For the above reasons,

  • DegreeDay() UDFs \(T_{min}\) and \(T_{max}\) require values or cells (returns a single value) and
  • DegreeDayDynamicArray() UDFs \(T_{min}\) and \(T_{max}\) are each cell ranges (returns a Dynamic Array).

For the Fill-down approach

=DegreeDay(model_name, T_min, T_max)

can now become something like

=DegreeDay(Equation_1, $B2, $C2)

And so we can see the workings;

Using DegreeDay for Equation_1

In the above example when DegreeDay first gets called it will;

  • start a UDF server which has a Python interpreter
  • load Equation_1 as a model in the FlyingKoala cache while specifying Equation_1 as the output cell and T_min and T_max cells as input
  • apply values in $B2 and $C2 to T_min and T_max respectively
  • run the Python code which actually calculates the ‘answer’/result
  • return the result

For subsequent calls, which includes a workbook or worksheet re-calc, DegreeDay will;

  • get Equation_1 from the FlyingKoala cache
  • apply values in $B2 and $C2 to T_min and T_max respectively
  • run the Python code which actually calculates the ‘answer’/result
  • return the result

Obviously, a fill-down will change the row index like it would in any Excel formula…

=DegreeDay(Equation_1, $B2, $C2)
=DegreeDay(Equation_1, $B3, $C3)
=DegreeDay(Equation_1, $B4, $C4)

That’s great for Equation 1. But what about Equation_2..? That’s easy – Still with the Fill-down approach;

=DegreeDay(model_name, T_min, T_max)

can now become something like

=DegreeDay(Equation_2, $B2, $C2)
Using DegreeDay for Equation_2

The fill-down approach is awesome.

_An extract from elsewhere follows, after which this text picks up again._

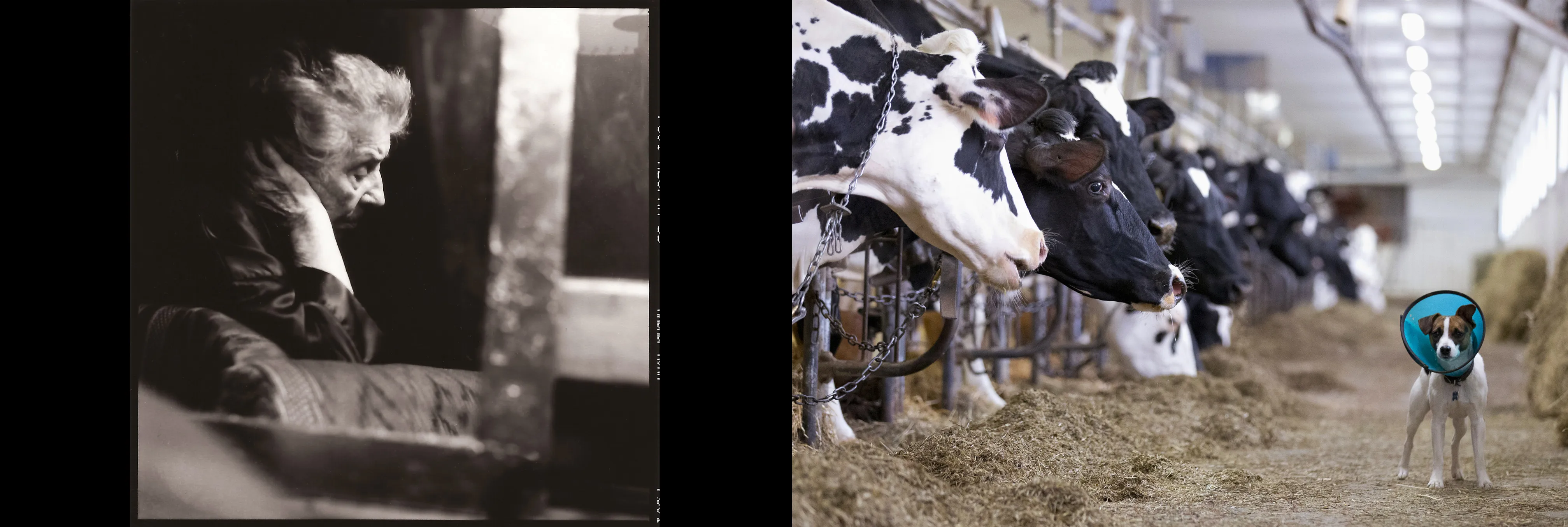 左: 克里斯廷的祖母,“欧玛”(凯瑟琳·穆希),在镜子中反射,讨论她对美和衰老的看法,地点在安大略省汉密尔顿,作为一个关于90岁以上女性美的持续摄影项目的一部分。 右: 一只狗在2017年4月于魁北克省格兰比的一家农场前面站着,旁边是奶牛(为彭博社)。
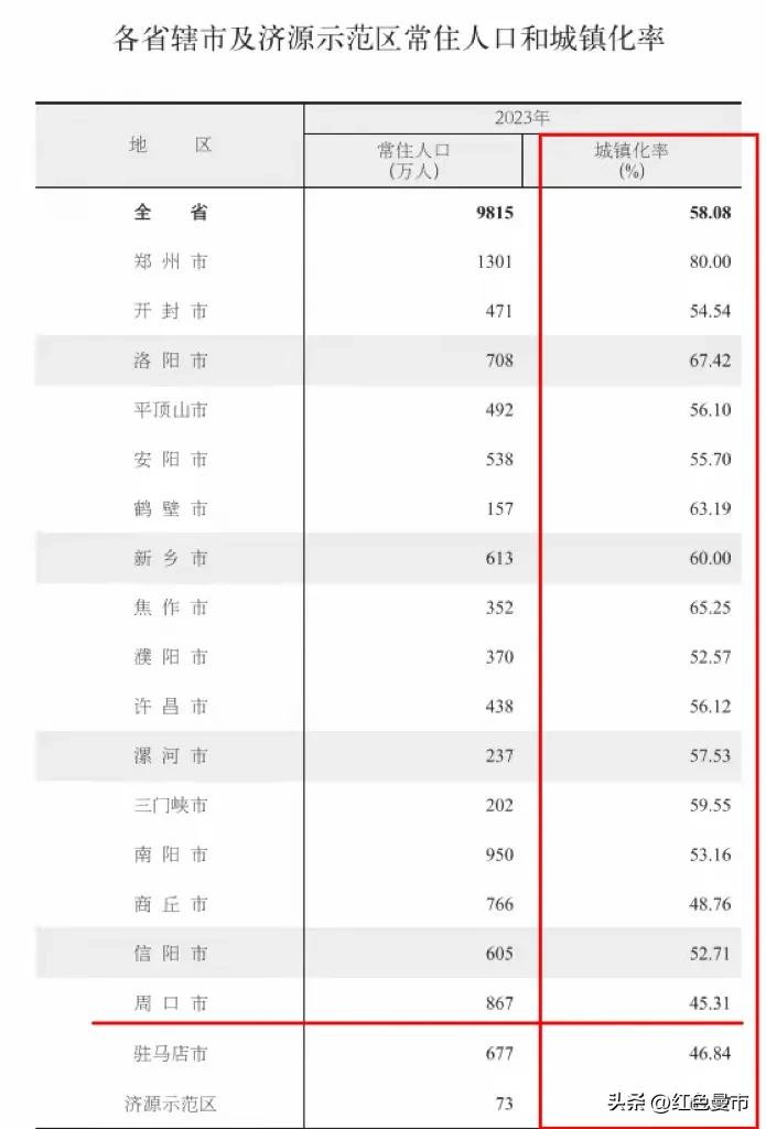 在河南,周口市867万的常住人口数量虽然仅次于郑州、南阳高居全省第三,但城镇化率却只有45.31%,不仅是全省最低,甚至还低于河南省平均水平12.77个百分点。

But as you try and do larger and larger time series it becomes quite cumbersome. Each filled cell calculation needs to do a full round-trip from Excel to Python, get evaluated, and return a result from Python to Excel. All the data conversion in that takes time.

The solution to this round-trip per time period in the time series is to do the calculation ‘in bulk’. Send a range of cells for T_min and T_max, run the calculations on the array(/s) and send a resulting range back. Enter the Dynamic Array.

Dynamic Arrays are part of Excel but are going to help us a great deal when it comes to optimizing series calculation.

For the Dynamic Array approach

=DegreeDayDynamicArray(model_name, T_min, T_max)

can now become something like

=DegreeDayDynamicArray(Equation_1, $B2:$B366, $C2:$C366)

The ranges for T_min and T_max must be the same shape. eg; they need to have the same number of elements else you’ll get an error. They don’t need to be ranges next to each other. Knowing this, the below can be understood as a valid expression;

=DegreeDayDynamicArray(Equation_1, $B2:$B366, $E2:$E366)

Although I have no idea why this would be wanted, it is valid;

=DegreeDayDynamicArray(Equation_1, $B2:$B366, $G5:$G369)

And so we can see the workings for the vanilla case Equation_1;

Using DegreeDayDynamicArray for Equation_1

And for Equation_2

Using DegreeDayDynamicArray for Equation_2

There is one more feature of these UDFs which is quite valuable and it stems from the fact that the model_name argument in either DegreeDay or DegreeDayDynamicArray is a range.

It can be defined as a variable.

To take the vanilla example for Equation_1 above;

=DegreeDayDynamicArray(Equation_1, $B2:$B366, $C2:$C366)

may become

=DegreeDayDynamicArray($E$1, $B2:$B366, $C2:$C366)

which defines the name of the column as the model name which the column is using.

Using DegreeDayDynamicArray Heading for Equation_1

And, of course, same for Equation_2

=DegreeDayDynamicArray(Equation_2, $B2:$B366, $C2:$C366)

may become

=DegreeDayDynamicArray($G$1, $B2:$B366, $C2:$C366)
Using DegreeDayDynamicArray Heading for Equation_2

It is also valid to define yet another named range

=DegreeDayDynamicArray(active_degree_day_model, $B2:$B366, $C2:$C366)

Where active_degree_day_model is a named range somewhere in the workbook, maybe on a user editable worksheet formulating your assumptions.